After all, we’re only $10 trillion dollars in the hole, with another $10 trillion pledged over the last four months alone to help us avoid an “economic Pearl Harbor.”

If money grows on trees, as our leaders evidently believe that it does, why not blow billions more of it on a program that’s not only failing its mission, but doing something government shouldn’t even be doing in the first place.

Since its inception, SCHIP has been a case study in everything that’s wrong with government – another example of feel-good rhetoric and lofty promises paid for with your money, except the rhetoric never matches the reality and the promises are always too good to be true.

Although its proponents are quick to throw up pictures of starving inner city children, the fact is that SCHIP has insured millions of adults, and middle class families over the past decade.

In some cases, SCHIP recipients were earning 300% of the poverty level.

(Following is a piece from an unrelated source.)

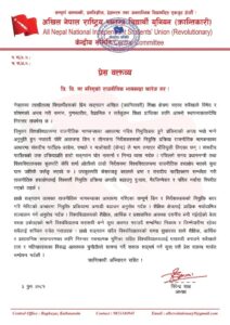 अखिल (क्रान्तिकारी) अध्यक्ष विरेन्द्र शाहले एक प्रेश विज्ञप्ती जारी गर्दै राजनीतिक भागबन्डाका आधारमा गरिएका सम्पूर्ण डिन र निर्देशकहरूको नियुक्ति बदर गरी मेरिटको आधारमा नियुक्ति प्रक्रियामा अगाडी बढाउन माग गरेको छ।

This was famously exposed in 2007, when Democrats selected a middle school student named Graeme Frost to deliver the rebuttal to President George W. Bush’s veto of SCHIP reauthorization, only to discover later that the boy attended a $20,000 a year school and his family lived in a 3,000 square foot home valued at over $400,000.

And who pays the most for SCHIP? A disproportionately high number of poor smokers – the very people the program is supposed to be serving.

And on top of that, a recent Heritage Foundation report recently showed that 22 million people will have to take up smoking in America over the next decade or else the program will go bankrupt.

How many of those people will be classified as low-income?

Then there’s the biggest fraud of them all – the fact that SCHIP is cannibalizing the private sector to the tune of 6 out of 10 beneficiary recipients. That’s right, evidence shows that only 40% of SCHIP recipients are actually uninsured – a pretty amazing number when you stop and think about it.

Frankly, this defeats the whole purpose of the program, unless of course we want to start subsidizing this expense for people who can already afford it.

Not surprisingly, the 60% figure is higher than the government will admit, but not by much.

Even the Congressional Budget Office acknowledges that “for every 100 children who gain coverage as a result of SCHIP, there is a corresponding reduction in private coverage of between 25 and 50 children.”

Why is this relevant now?

Well, government simply can’t afford to continue unsustainably spending money on non-core functions, like providing health insurance to people who already have it.

Nor can it afford to bail out the states on SCHIP to the tune of tens of billions of dollars, which is what numerous governors are currently asking for.

Government must return to its core functions and get out of the business of subsidizing everything that comes along with a “for the children” sign on it.